Summarize these customer reviews into a one-paragraph long overall review:
{review_text}
"""
Then, build a generative search query that follows these steps:
- Retrieve all reviews (
client.query.get('Reviews')
) for a given product (.with_where()
) - Stuff the retrieved review texts into the prompt template and feed it to the generative model (
.with_generate(grouped_task=generate_prompt)
)
summary = client.query
.get('Reviews',
['review_text', "product_id"])
.with_where({
"path": ["product_id"],
"operator": "Equal",
"valueText": product_id
})
.with_generate(grouped_task=generate_prompt)

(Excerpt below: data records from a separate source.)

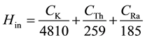 where CRa, CTh and CK are the radioactivity concentration of U238 Th232 and K40.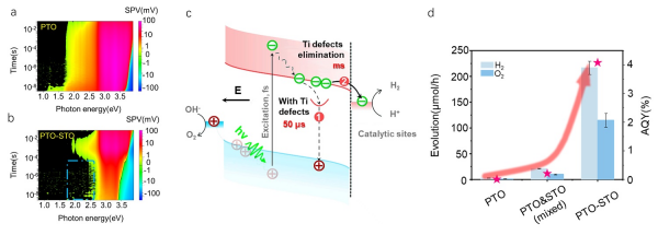 该研究针对铁电材料光生电荷分离与催化活性不匹配问题,以单畴钛酸铅为研究模型,探讨了其表面结构与电荷动力学特性。研究显示,PbTiO3正极化面存在Ti空位缺陷,且这些缺陷作为电子捕获中心,导致电荷复合并限制光催化效率。空间和时间分辨光谱分析发现,SrTiO3的生长消除了正极化面Ti缺陷相关的捕获态,降低了光生电子的捕获与复合,使电子寿命从微秒量级延长至毫秒量级,到达反应活性位有效参与反应,从而提升了水分解效率。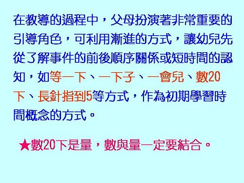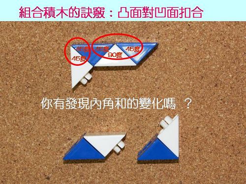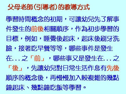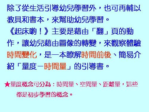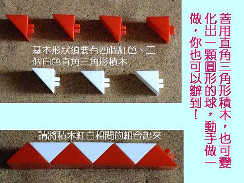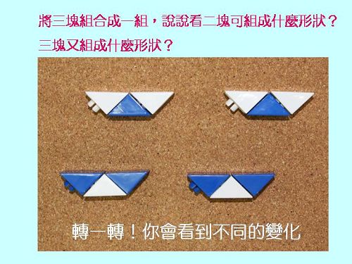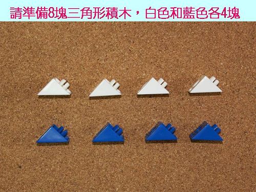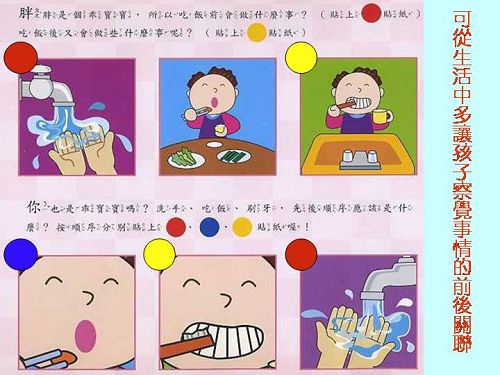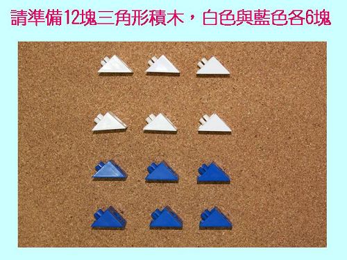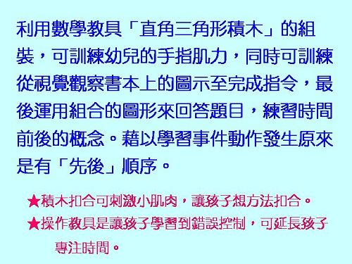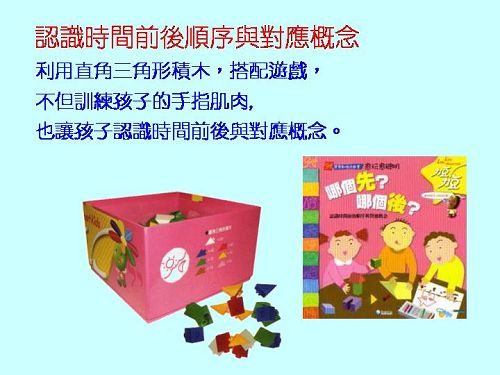 搭配書本:哪個先?哪個後? 認識時間前後順序與對應概念。 搭配教具:直角三角形積木、順序圖卡。 |
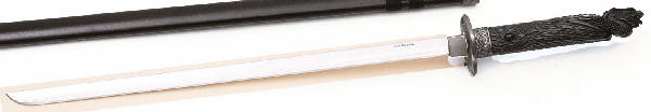 Overall Length: 35" Blade Length: 24 1/2" Blade Thickness: 3/16" Blade Material: 420 J2 stainless steel, simulated temper line Handle Material: Cast aluminum, antique finish, imitation black jewel mounted in both sides, cast metal guard, push tang (1/2 length) construction Scabbard: Aluminum, black crinkle design, cast metal throat Model UC897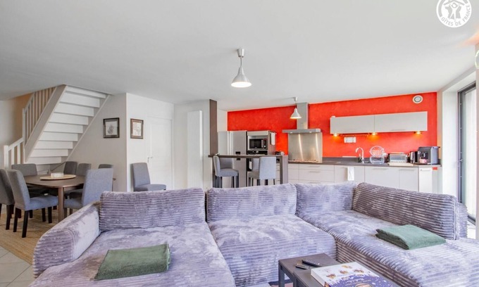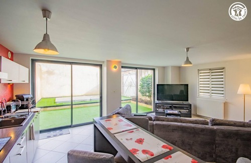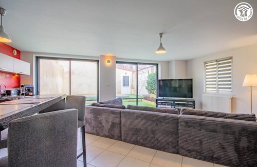 Passionate amateur golfers, Virginie & Jean-Marc open the doors of an authentic 19th century town house, fully restored with care, nestled in a quiet area on the edge of a small, quiet alley (one-way), in the heart of a peaceful residential area of the historic center, a stone's throw from the sumptuous Saint-Lazare cathedral built in the 12th century which dominates the city (a major work of "Cluniac art", in the Gothic-Roman style), as well as from all the shops & services. Equipped with a wealth of sports and leisure facilities, including the nearby Vallon lake (100 ha of "nature sports" with a water sports centre) and a bucolic golf course, backed by the vast wild forest of Planoise (a real "green lung" of the southern foothills of the Morvan massif, to explore during relaxing walks or mountain bike rides), in the heart of a preserved rural and natural setting of great beauty, this doubly thousand-year-old city, labelled "City of Art and History", has a literally exceptional heritage (Gallo-Roman, medieval and classical). Spacious, very comfortable gîte. Contemporary, neat and opulent spirit. Lots of style. Complete quality equipment. Ultra-cosy atmosphere. Cozy rooms nestled under the roofs in "cocoon" mode. Beautiful living room bathed in light opening onto a very pleasant intimate large courtyard-terrace "enclosed by walls" (not overlooked) flowered & planted, exposed and / or shaded (depending), including access to a private garage. Composition: Semi-detached house. Wifi (fiber). Gas central heating. Ground floor: living room-kitchen-lounge (TV Canal + / Netflix / Prime), 1 bedroom (double bed 160x200cm) with private bathroom (shower), separate toilet, laundry room. 1st floor: 3 bedrooms (each with 1 double bed 160x200cm), TV lounge bis on mezzanine landing, bathroom (shower), separate toilet, office (screen + keyboard + mouse). Enclosed courtyard-terrace (50m²) + garage (1 space / bicycle storage) + private parking. Mini supermarket 300m away. All amenities on site.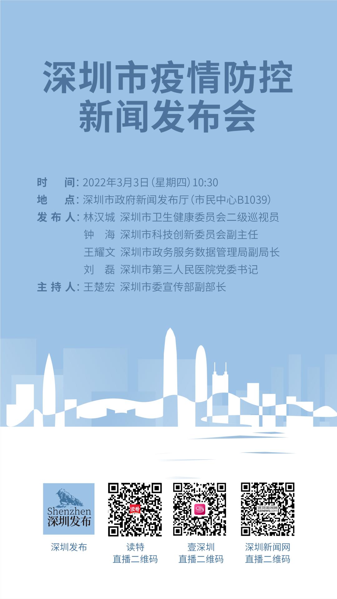 2022年3月3日(星期四)10:30,我市将举行疫情防控新闻发布会,邀请市卫生健康委、市科技创新委、市政务服务数据管理局、市第三人民医院有关负责人出席,通报我市疫情防控最新情况,并回答记者提问,敬请关注。

.do()["data"]["Get"]["Reviews"]
Once a review summary is generated, store it together with the product ID in a new data collection called Products
.
new_review_summary = {
"product_id" : product_id,
"summary": summary[0]["_additional"]["generate"]["groupedResult"]
}# Create new object
client.data_object.create(
data_object = new_review_summary,
class_name = "Products",
uuid = generate_uuid5(new_review_summary)
)
If you want to take this step further, you could also add a cross-reference between the product review summary in the summary class and the product review in the review class (see Generative Feedback Loops for more details).